First, get the current pod spec, then delete and recreate with the security context:

bash
# Export current pod spec
kubectl get pod legacy-app -n production -o yaml > legacy-app.yaml

Edit the pod spec to add the security context:

yaml
apiVersion: v1
kind: Pod
metadata:
  name: legacy-app
  namespace: production
spec:
  securityContext:
    runAsUser: 1000
    runAsGroup: 1000
    runAsNonRoot: true
  containers:
  - name: app
    image: nginx:1.25
    securityContext:
      allowPrivilegeEscalation: false
      capabilities:
        drop:
        - ALL
bash
# Delete and recreate
kubectl delete pod legacy-app -n production
kubectl apply -f legacy-app.yaml

# Verify
kubectl exec -n production legacy-app -- id
# uid=1000 gid=1000 groups=1000

Why This Works

  • runAsUser: 1000 forces the container to run as UID 1000 instead of root
  • runAsNonRoot: true is a safety net -- Kubernetes rejects the pod if it somehow tries to run as root
  • allowPrivilegeEscalation: false sets the no_new_privs flag, preventing SUID exploits
  • drop: ["ALL"] removes all Linux capabilities, minimizing the attack surface

Exam Speed Tip

You can set runAsUser, runAsGroup, and runAsNonRoot at the pod level to apply to all containers. Set allowPrivilegeEscalation and capabilities at the container level since they are container-only settings.

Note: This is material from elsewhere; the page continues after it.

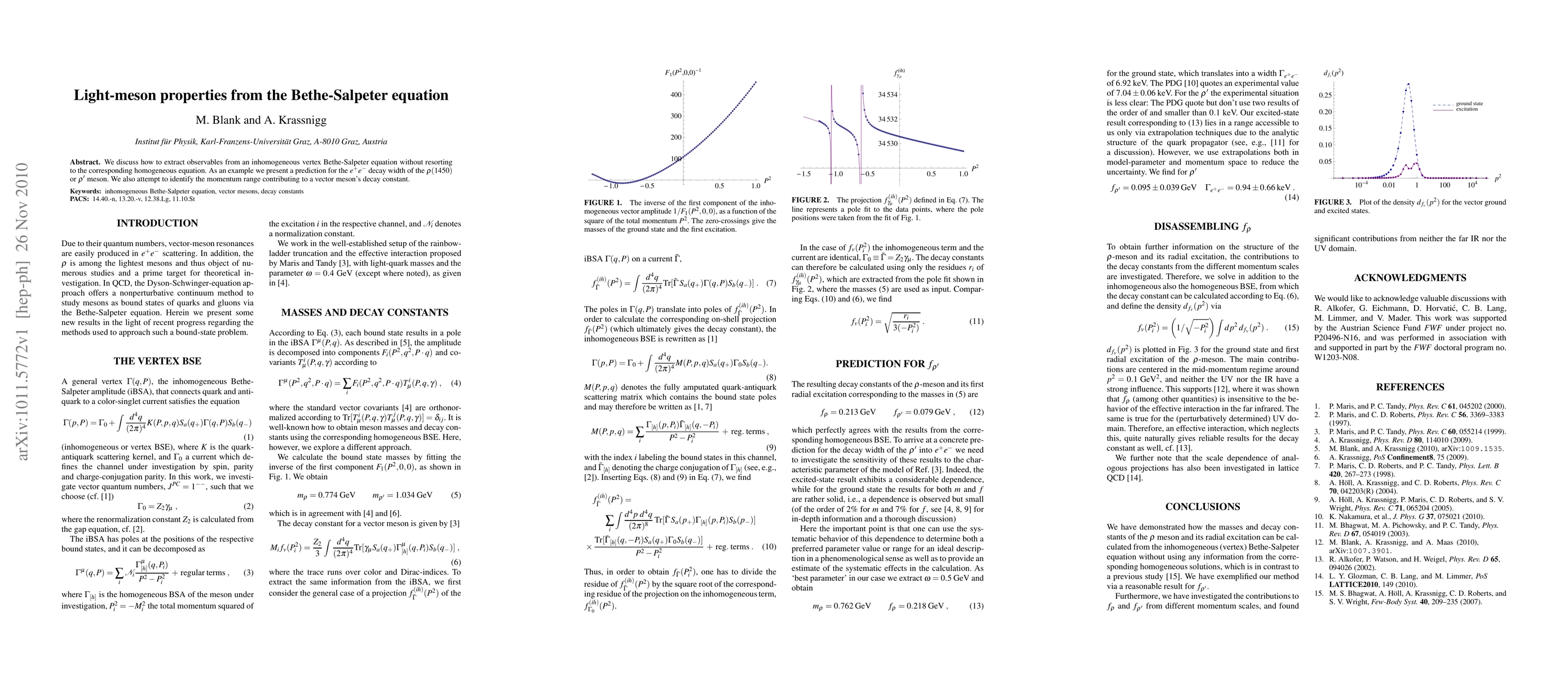 This paper explores extracting light-meson properties from an inhomogeneous Bethe-Salpeter equation, predicting the $e^+e^-$ decay width of the $\rho(1450)$ meson without using the homogeneous equation. It also identifies the momentum range that contributes to the vector meson's decay constant.

Solution 2 -- SecurityContext: Read-Only Filesystem

Concepts tested: readOnlyRootFilesystem, emptyDir volumes, seccompProfile

yaml
apiVersion: v1
kind: Pod
metadata:
  name: secure-nginx
  namespace: default
spec:
  securityContext:
    runAsUser: 101
    runAsGroup: 101
    seccompProfile:
      type: RuntimeDefault
  containers:
  - name: nginx
    image: nginx:1.25
    securityContext:
      readOnlyRootFilesystem: true
    ports:
    - containerPort: 80
    volumeMounts:
    - name: cache
      mountPath: /var/cache/nginx
    - name: run
      mountPath: /var/run
    - name: tmp
      mountPath: /tmp
  volumes:
  - name: cache
    emptyDir: {}
  - name: run
    emptyDir: {}
  - name: tmp
    emptyDir: {}
bash
kubectl apply -f secure-nginx.yaml

# Verify read-only filesystem
kubectl exec secure-nginx -- touch /test-file 2>&1
# touch: /test-file: Read-only file system

# Verify writable paths work
kubectl exec secure-nginx -- touch /tmp/test-file
# Success (no error)

# Verify nginx is running
kubectl exec secure-nginx -- curl -s localhost:80 | head -5

Why These Specific Paths?

Nginx needs to write to:

  • /var/cache/nginx -- Proxy cache and temp files
  • /var/run -- PID file (nginx.pid)
  • /tmp -- Temporary upload files

Without these writable mounts, nginx fails to start with "Read-only file system" errors.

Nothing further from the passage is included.